=== Data records ===
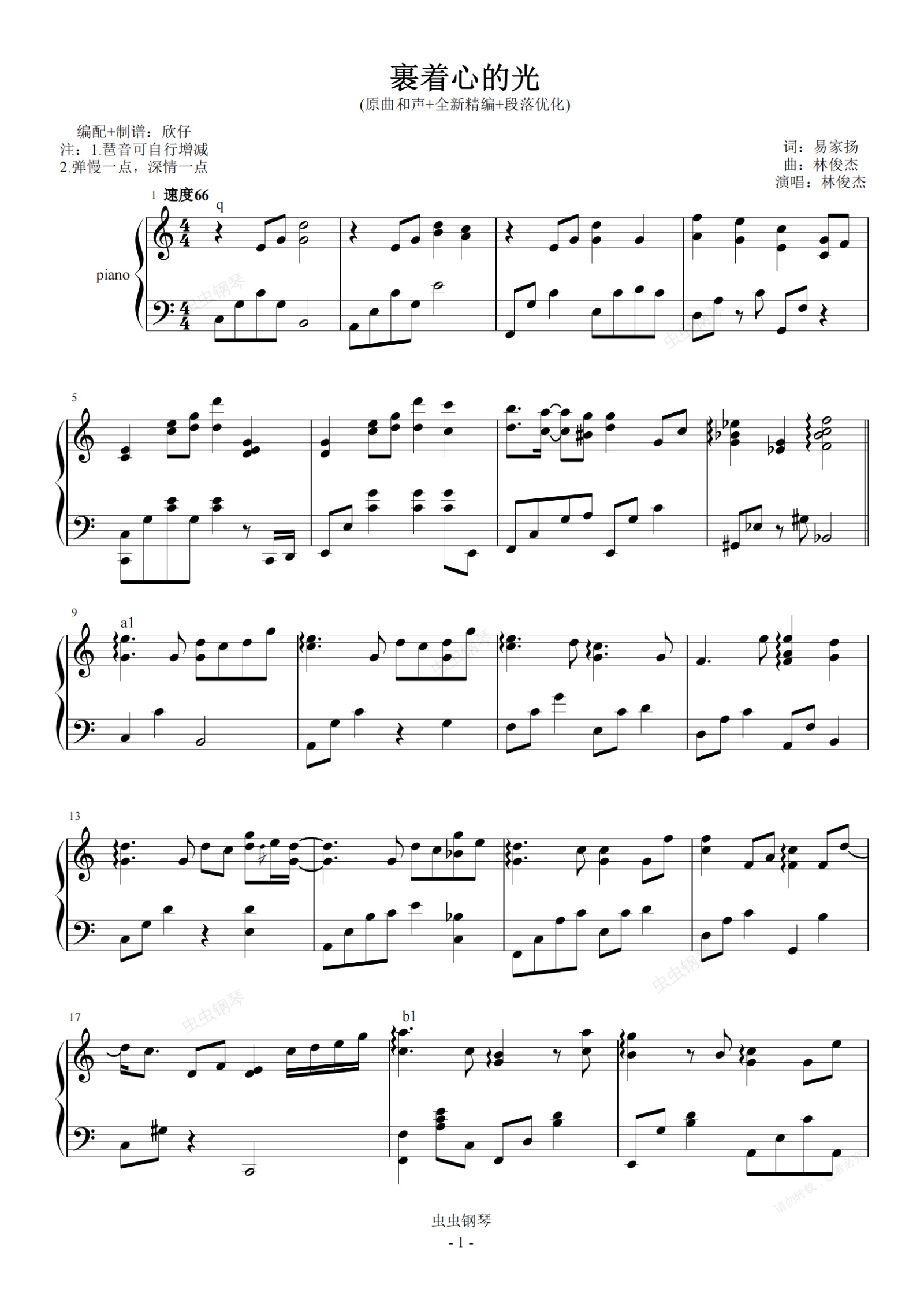 钢琴谱:林俊杰-C《裹着心的光》(原曲和声+全新精编+段落优化)
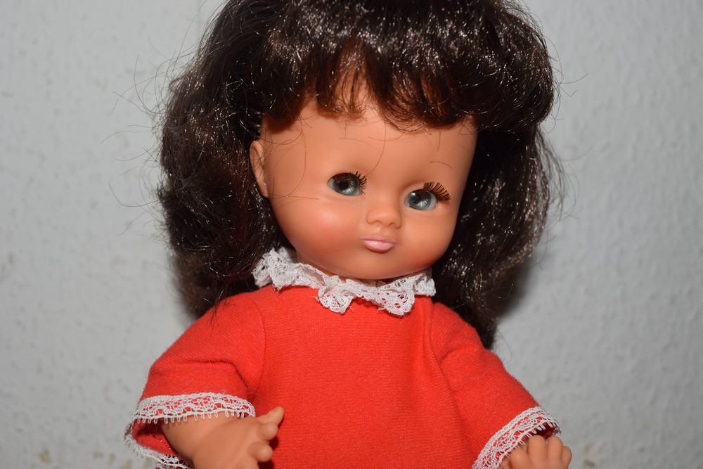 Ses yeux coucous à mécanisme non solidaire sont dormeurs et ses sourcils classiques sont dessinés en arc de cercle. Elle a de magnifiques longs cheveux implantés. La nôtre est brune aux yeux bleu-vert.
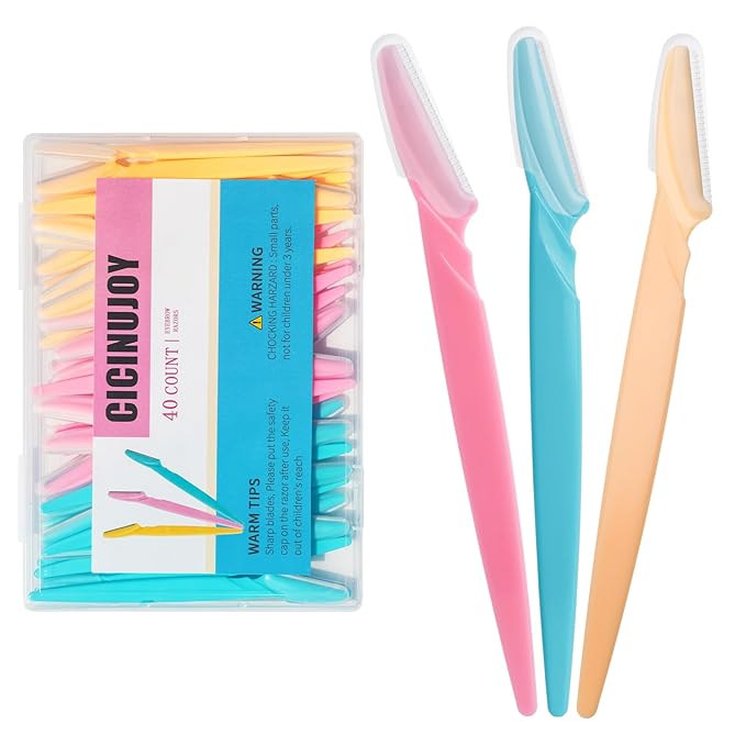 40pcs Eyebrow Razor for Women, Face Shaver Kit Dermaplaning Tool for Peach Fuzz Removal, Stainless Steel Blades with Protective Covers | Eyebrow Trimmer, Facial Hair Removal
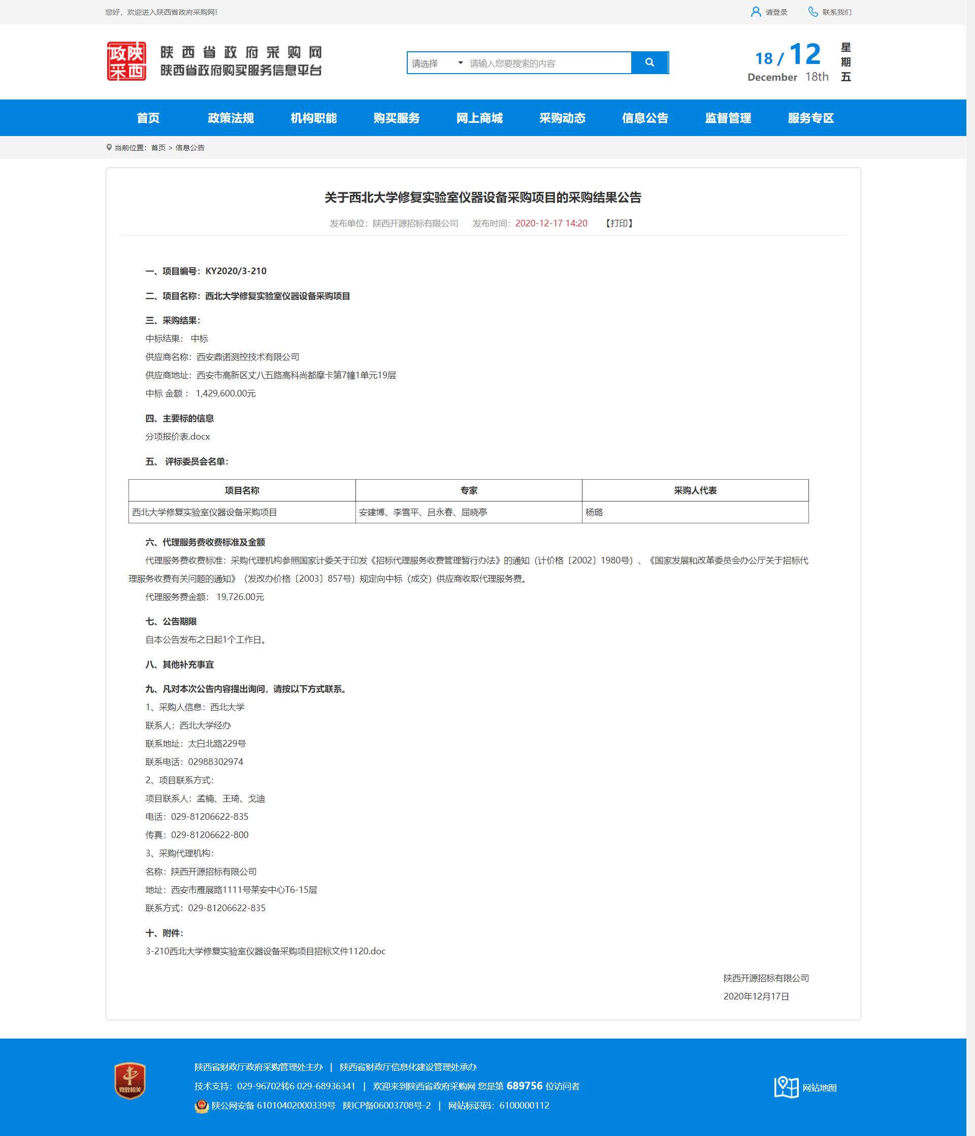 关于古天乐代言太阳集团城网址修复实验室仪器设备采购项目的采购结果公告 作者: 编辑:薛利娟 时间:2020-12-18 原公告地址:http://www.ccgp-shaanxi.gov.cn/notice/noticeDetail.do?noticeguid=8a85be34765f9eac01766f3cbcd749f6
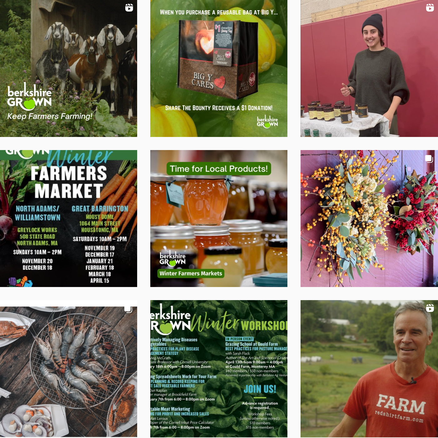 Outcomes? Over the course of 3 years, Berkshire Grown’s Instagram audience has quadrupled, going from 900 to 3,700 followers, and Facebook gained 1,000+ fans. Instagram is an especially dynamic channel with farmer “takeovers,” videos via Reels, and consistent celebration of food and farmers. Berkshire Grown also posts to Google (important!).
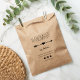Rustic chic kraft bags make beautiful packaging for your handmade, artisan or craft business. Design features two lines of custom text in black handwritten style block and script lettering, accented with a heart and arrow illustration. Personalise with two lines of contact information and your social media username. Shown with three social media icons.
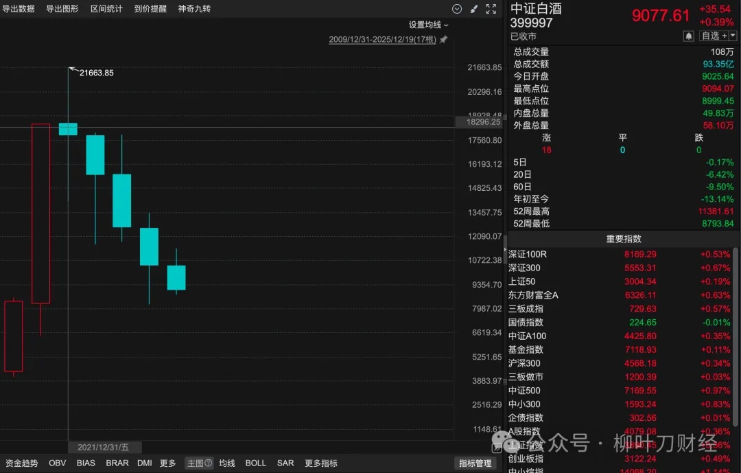 而且年线看,白酒跌了5年了。
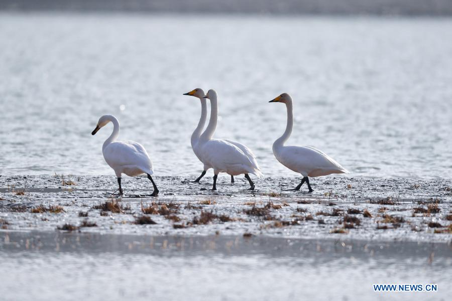 Swans are seen at the bank of the Yellow River in Hualong Hui Autonomous County of Haidong City, northwest China's Qinghai Province, Dec. 2, 2020. (Xinhua/Zhang Long)
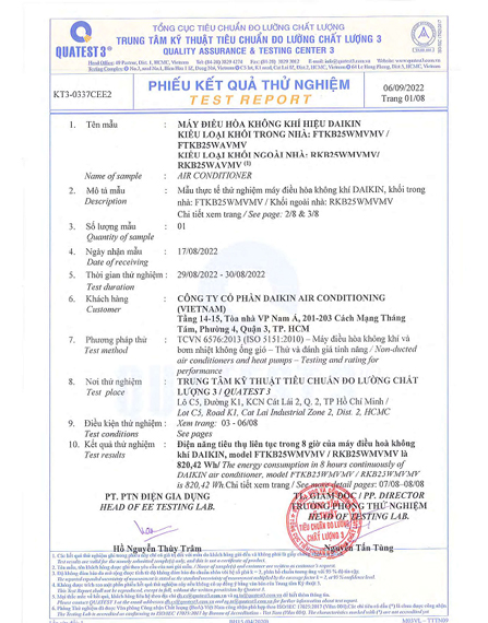 Theo thực nghiệm của Quatest 3** – Trung tâm kỹ thuật tiêu chuẩn đo lường chất lượng 3, điện năng tiêu thụ của máy lạnh máy điều hòa không khí Daikin – FTKB25WAVMV là 0,82kWh. Tức chỉ tương đương 2.000đ/đêm nếu giá điện trung bình là 2.500đ/kWh.
===
What you will do
Each record must be returned exactly as it stands, and the images omitted.

Solution to this problem
 钢琴谱:林俊杰-C《裹着心的光》(原曲和声+全新精编+段落优化)
 Ses yeux coucous à mécanisme non solidaire sont dormeurs et ses sourcils classiques sont dessinés en arc de cercle. Elle a de magnifiques longs cheveux implantés. La nôtre est brune aux yeux bleu-vert.
 40pcs Eyebrow Razor for Women, Face Shaver Kit Dermaplaning Tool for Peach Fuzz Removal, Stainless Steel Blades with Protective Covers | Eyebrow Trimmer, Facial Hair Removal
 关于古天乐代言太阳集团城网址修复实验室仪器设备采购项目的采购结果公告 作者: 编辑:薛利娟 时间:2020-12-18 原公告地址:http://www.ccgp-shaanxi.gov.cn/notice/noticeDetail.do?noticeguid=8a85be34765f9eac01766f3cbcd749f6
 Outcomes? Over the course of 3 years, Berkshire Grown’s Instagram audience has quadrupled, going from 900 to 3,700 followers, and Facebook gained 1,000+ fans. Instagram is an especially dynamic channel with farmer “takeovers,” videos via Reels, and consistent celebration of food and farmers. Berkshire Grown also posts to Google (important!).
Rustic chic kraft bags make beautiful packaging for your handmade, artisan or craft business. Design features two lines of custom text in black handwritten style block and script lettering, accented with a heart and arrow illustration. Personalise with two lines of contact information and your social media username. Shown with three social media icons.
 而且年线看,白酒跌了5年了。
 Swans are seen at the bank of the Yellow River in Hualong Hui Autonomous County of Haidong City, northwest China's Qinghai Province, Dec. 2, 2020. (Xinhua/Zhang Long)
 Theo thực nghiệm của Quatest 3** – Trung tâm kỹ thuật tiêu chuẩn đo lường chất lượng 3, điện năng tiêu thụ của máy lạnh máy điều hòa không khí Daikin – FTKB25WAVMV là 0,82kWh. Tức chỉ tương đương 2.000đ/đêm nếu giá điện trung bình là 2.500đ/kWh.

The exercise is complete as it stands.